This weekend is Mother’s Day, so consider this email a friendly reminder to make sure you do something special for your mom this Sunday. No surprise here, it’s going to take a little more thought and creativity this year to aptly celebrate the one who brought you into this world.

For most of us, it will be a different kind of Mother’s Day celebration. . . no lunch out, flowers are in short supply, and you may not be able to get any closer to your mom than six feet.

It’s going to be a different kind of Mother’s Day celebration for me, too, but for a different reason. My mom passed away in October. Last month our family celebrated her first birthday in heaven.
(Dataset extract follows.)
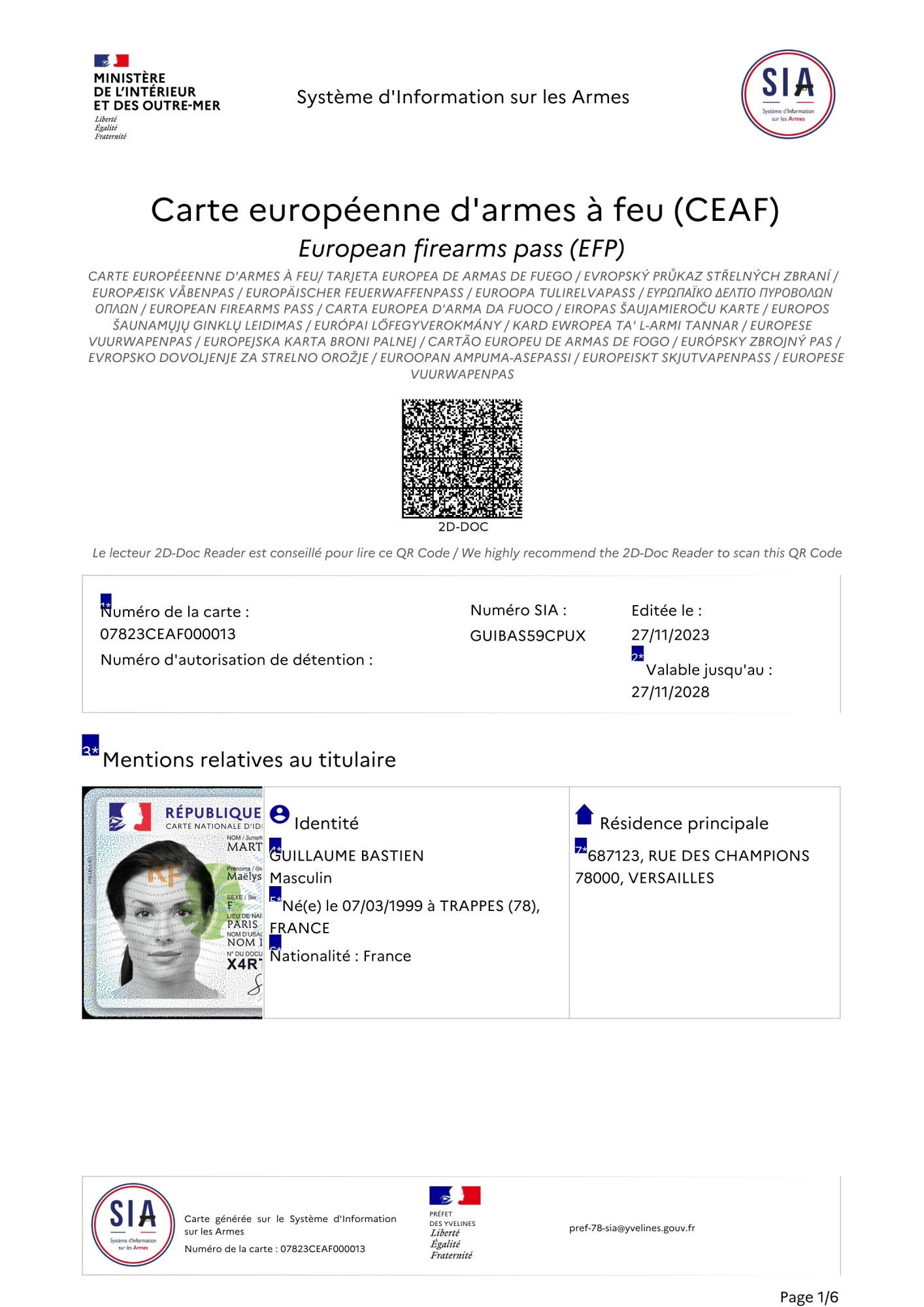 Carte européenne d’armes à feu mentionnant la ou les armes détenues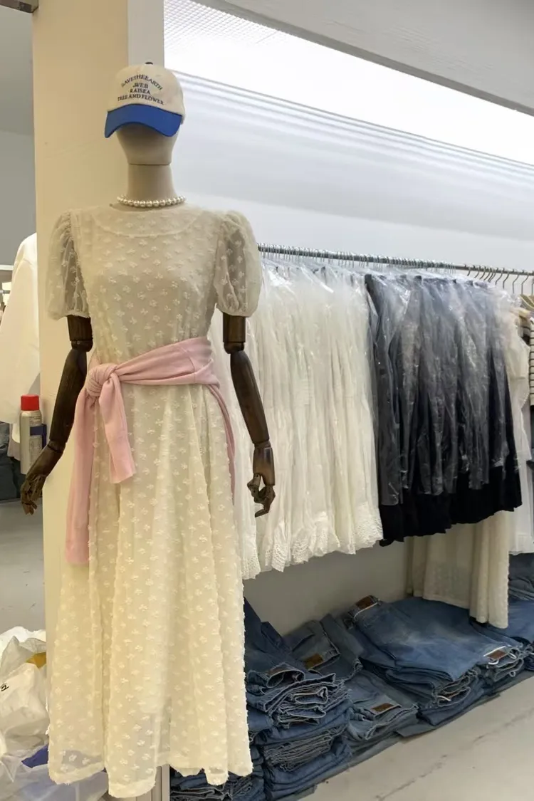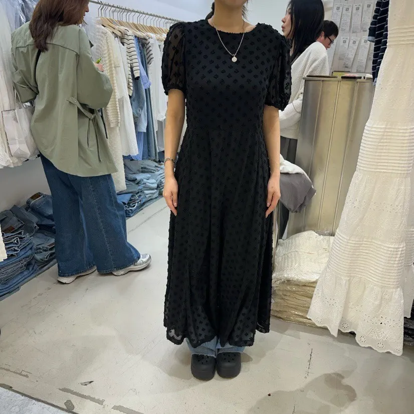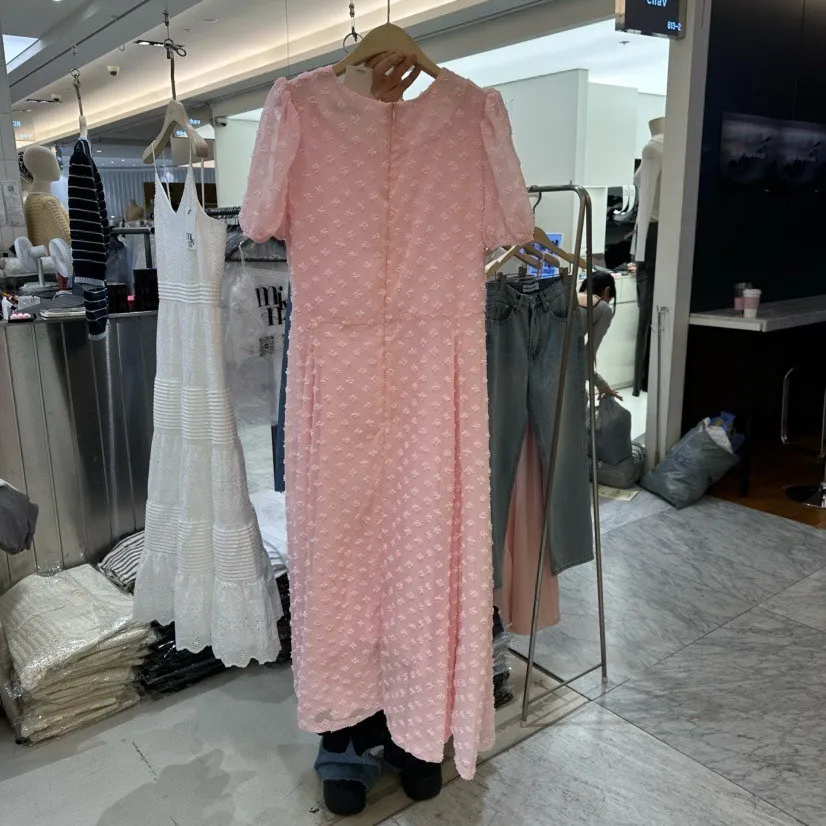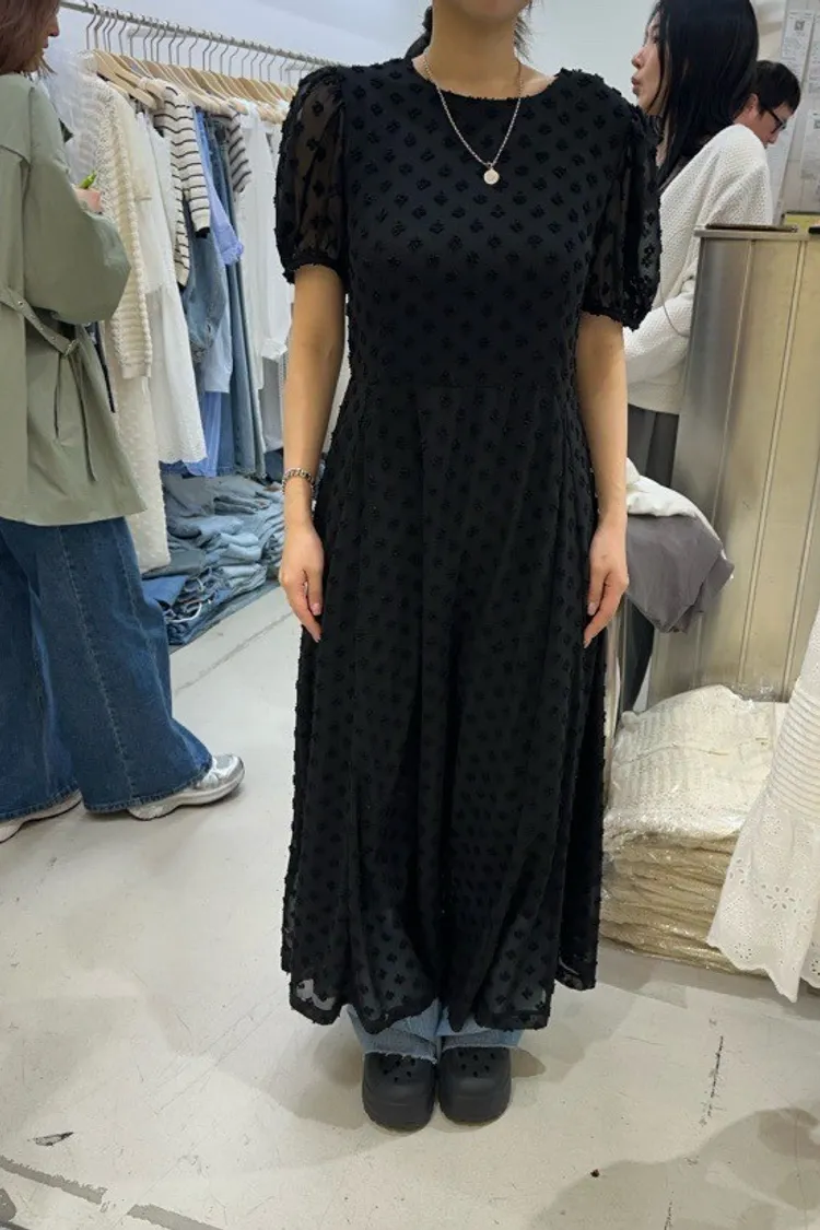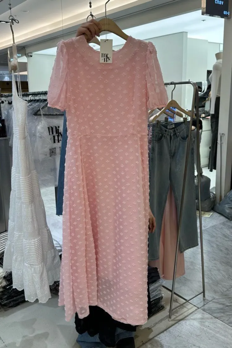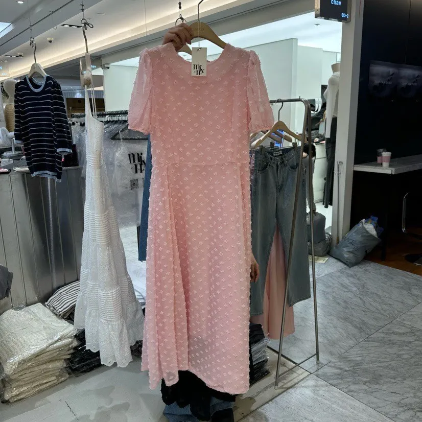 立體小花公主袖洋裝

This month, my sister and I will celebrate our first Mother’s Day without her.

So, if you will allow me, I’d like to give a shout out to my mom, which hopefully will also remind you of why you appreciate yours.

Mom was a covenant keeper. When she married my dad, she made a vow to have and to hold him, for better, for worse; for richer, for poorer; in sickness and in health, to love and to cherish him till death parted them. Those traditional vows include two commitments—to have and to hold and to love and to cherish—and four conditions—for better or worse, for richer or poorer, in sickness and health, and till death doth part.
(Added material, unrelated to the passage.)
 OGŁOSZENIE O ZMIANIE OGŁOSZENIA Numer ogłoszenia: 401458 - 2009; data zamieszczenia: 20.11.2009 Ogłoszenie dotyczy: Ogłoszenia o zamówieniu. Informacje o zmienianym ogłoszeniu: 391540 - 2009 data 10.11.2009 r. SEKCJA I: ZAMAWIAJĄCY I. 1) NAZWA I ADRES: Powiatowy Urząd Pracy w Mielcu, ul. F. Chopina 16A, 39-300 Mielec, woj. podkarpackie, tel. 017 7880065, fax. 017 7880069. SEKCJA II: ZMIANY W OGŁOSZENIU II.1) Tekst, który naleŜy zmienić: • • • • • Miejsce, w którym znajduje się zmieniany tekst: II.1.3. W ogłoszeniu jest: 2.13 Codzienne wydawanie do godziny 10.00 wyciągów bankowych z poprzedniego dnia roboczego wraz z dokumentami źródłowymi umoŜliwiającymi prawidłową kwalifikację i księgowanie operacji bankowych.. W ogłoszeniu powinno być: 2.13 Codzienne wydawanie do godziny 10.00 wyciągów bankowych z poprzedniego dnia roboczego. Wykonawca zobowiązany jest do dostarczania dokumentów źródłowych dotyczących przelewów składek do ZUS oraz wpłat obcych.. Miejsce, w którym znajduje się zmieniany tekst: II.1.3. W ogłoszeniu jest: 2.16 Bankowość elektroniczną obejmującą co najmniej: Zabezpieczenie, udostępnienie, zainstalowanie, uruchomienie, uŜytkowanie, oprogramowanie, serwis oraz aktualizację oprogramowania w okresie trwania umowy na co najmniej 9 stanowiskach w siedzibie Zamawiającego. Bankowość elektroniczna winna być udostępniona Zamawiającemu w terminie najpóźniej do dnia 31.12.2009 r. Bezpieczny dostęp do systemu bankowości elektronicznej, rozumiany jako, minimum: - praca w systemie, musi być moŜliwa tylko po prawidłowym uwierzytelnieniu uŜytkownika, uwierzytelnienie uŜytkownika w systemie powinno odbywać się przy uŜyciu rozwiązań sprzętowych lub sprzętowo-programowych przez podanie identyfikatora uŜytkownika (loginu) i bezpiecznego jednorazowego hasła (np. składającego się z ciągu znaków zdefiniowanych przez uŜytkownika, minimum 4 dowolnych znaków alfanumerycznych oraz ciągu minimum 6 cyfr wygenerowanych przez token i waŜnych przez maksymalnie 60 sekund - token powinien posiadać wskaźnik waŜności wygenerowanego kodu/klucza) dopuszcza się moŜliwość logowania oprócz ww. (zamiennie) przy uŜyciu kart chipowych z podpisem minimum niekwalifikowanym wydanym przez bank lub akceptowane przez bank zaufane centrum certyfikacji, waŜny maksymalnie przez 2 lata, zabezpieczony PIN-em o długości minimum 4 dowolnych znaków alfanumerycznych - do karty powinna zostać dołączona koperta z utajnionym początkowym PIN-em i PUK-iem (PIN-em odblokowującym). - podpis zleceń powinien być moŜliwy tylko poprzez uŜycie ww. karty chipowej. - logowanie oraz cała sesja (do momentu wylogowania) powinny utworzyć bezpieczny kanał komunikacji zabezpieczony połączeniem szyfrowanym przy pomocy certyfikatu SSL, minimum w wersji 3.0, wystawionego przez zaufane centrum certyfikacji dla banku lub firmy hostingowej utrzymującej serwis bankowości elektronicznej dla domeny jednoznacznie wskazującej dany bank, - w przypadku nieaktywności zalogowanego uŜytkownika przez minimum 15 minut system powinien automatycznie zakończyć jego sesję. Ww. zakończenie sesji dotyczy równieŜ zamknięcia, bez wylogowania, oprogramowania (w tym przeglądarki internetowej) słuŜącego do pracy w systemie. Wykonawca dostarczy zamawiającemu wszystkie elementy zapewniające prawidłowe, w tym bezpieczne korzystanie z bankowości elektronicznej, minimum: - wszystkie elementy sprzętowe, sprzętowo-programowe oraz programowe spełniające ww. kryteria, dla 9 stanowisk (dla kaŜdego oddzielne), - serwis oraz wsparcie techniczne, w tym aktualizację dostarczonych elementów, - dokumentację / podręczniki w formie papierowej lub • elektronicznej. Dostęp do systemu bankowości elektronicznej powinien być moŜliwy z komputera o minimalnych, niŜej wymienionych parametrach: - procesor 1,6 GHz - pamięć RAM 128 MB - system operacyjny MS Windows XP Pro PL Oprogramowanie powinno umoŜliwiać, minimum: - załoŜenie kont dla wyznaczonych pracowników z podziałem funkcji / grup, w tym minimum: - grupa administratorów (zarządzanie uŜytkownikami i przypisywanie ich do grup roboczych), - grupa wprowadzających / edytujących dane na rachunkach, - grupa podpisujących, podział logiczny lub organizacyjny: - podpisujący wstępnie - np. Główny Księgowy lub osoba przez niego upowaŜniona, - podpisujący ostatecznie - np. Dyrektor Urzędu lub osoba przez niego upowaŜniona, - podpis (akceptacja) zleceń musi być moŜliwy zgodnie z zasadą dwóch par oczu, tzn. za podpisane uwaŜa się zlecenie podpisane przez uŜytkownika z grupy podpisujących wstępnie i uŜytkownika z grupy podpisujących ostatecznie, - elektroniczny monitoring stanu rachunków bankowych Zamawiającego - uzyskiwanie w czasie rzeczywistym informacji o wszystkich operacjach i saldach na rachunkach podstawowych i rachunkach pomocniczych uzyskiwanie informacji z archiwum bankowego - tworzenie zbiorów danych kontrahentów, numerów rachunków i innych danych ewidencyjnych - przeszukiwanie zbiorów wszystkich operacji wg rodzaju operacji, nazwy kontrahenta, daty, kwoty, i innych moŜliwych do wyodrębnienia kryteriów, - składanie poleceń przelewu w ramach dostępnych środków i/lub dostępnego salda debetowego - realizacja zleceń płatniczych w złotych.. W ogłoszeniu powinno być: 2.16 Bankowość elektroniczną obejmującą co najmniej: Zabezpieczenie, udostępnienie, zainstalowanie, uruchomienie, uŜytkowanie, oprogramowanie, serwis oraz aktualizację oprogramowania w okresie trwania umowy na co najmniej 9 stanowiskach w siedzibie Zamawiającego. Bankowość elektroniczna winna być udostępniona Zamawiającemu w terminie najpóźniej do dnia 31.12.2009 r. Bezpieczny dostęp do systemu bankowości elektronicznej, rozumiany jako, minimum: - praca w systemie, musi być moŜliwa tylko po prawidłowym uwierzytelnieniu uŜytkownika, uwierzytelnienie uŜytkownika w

When we marry, we tend to think most about the commitments. We’re so in love and geeked up on oxytocin—the bonding hormone—that we rarely think of the four conditions. Little did mom know that three short years from their wedding day, three of the four conditions would come into play with dad’s devastating accident . . . and for 56 years she kept the fourth one.

 Covenant keeping is the thread which is spun to create the beautiful tapestry of human existence. If people don’t keep their covenants (think commitments), families splinter, relationships fizzle, companies collapse, cultures rot, and countries implode. The biblical phrase the righteousness of God, in its purest sense, means God keeps his covenants. Dare to think what would happen if the God of the universe didn’t keep his covenants.
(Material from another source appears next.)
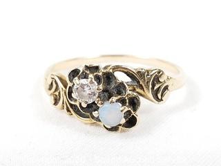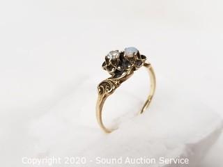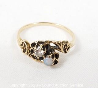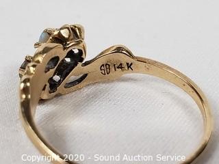 Lot #0168: 14K Gold Ring w/Diamond & Opal Settings S:7.5

Mom, thanks for being a covenant keeper . . . the fabric of our family was never raveled or torn, and I’m the better for it. My wife and children are the better for it. And those with whom I have influence are the better for it.

Moms, I know you want to give your kids every possible advantage so they can succeed in life. The list of things our culture tells you to do for your kids is long and exhausting. But, the one thing you can do which will have the single greatest impact on your children and your children’s children is to be a covenant keeper with your husband.

And by the way, dads, the best possible Mother’s Day present you could give to the mother of your children this year, is to be a covenant keeper too.